I know there’s been a few posts about this before, but it’s been a month since the last one and it’s still ongoing. It doesn’t seem that any of the LW admins responded to Zag’s post on their help community, and the last response from lodion/Nath I’m aware of was from 4 months ago when there were outright federation failures as opposed to just lengthy delays.

@Nothing4You@programming.dev posted a comment on the post from last month about the delays stating that it’s an issue on our end as our server isn’t keeping up. I’m not sure whether this is the case or not, and I’m not sure how to interpret the Grafana dashboard they linked to, but as it’s a new reply on an old post, I wanted to note it.

Current federation delays seem to be around 7 days. It doesn’t seem to be affecting posts themselves on Lemmy.world communities, but does affect all replies to them (even from users on other instances), and all upvotes on the posts. [Edit: on further investigation, this isn’t the case.
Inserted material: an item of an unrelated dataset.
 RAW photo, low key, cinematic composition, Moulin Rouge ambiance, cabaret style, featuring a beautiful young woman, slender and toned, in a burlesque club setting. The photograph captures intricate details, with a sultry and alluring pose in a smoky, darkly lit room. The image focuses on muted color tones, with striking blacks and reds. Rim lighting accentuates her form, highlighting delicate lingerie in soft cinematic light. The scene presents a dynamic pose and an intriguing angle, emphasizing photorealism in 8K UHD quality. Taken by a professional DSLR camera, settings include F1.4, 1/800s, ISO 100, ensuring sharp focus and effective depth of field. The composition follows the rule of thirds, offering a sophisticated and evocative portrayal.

The current delays are at least 13 days, and this does actually affect posts too]

I don’t want to sound too pushy, since the LW admins and Lodion/Nath are all volunteers, but I was hoping we might be able to get an update on what the cause is, and if it’s an issue in Lemmy itself, if anybody’s opened an issue on GitHub and the developers are aware.

(NB: I don’t interact that much with LW, so all of my testing has been on the Boost for Lemmy community.)

  • Baku@aussie.zoneOP
    link
    fedilink
    English
    arrow-up
    0
    ·
    edit-2
    6 months ago

    Please ELI5: How does latency alone (319ms from Helsinki to Sydney, apparently) cause week long response times?

    • Nothing4You@programming.dev
      link
      fedilink
      English
      arrow-up
      1
      ·
      6 months ago

      lemmy’s current federation implementation works with a sending queue, so it stores a list of activities to be sent in its database. there is a worker running for each linked instance checking if an activity should be sent to that instance, and if it should, then send it. due to how this is currently implemented, this is always only sending a single activity at a time, waiting for this activity to be successfully sent (or rejected), then sending the next one.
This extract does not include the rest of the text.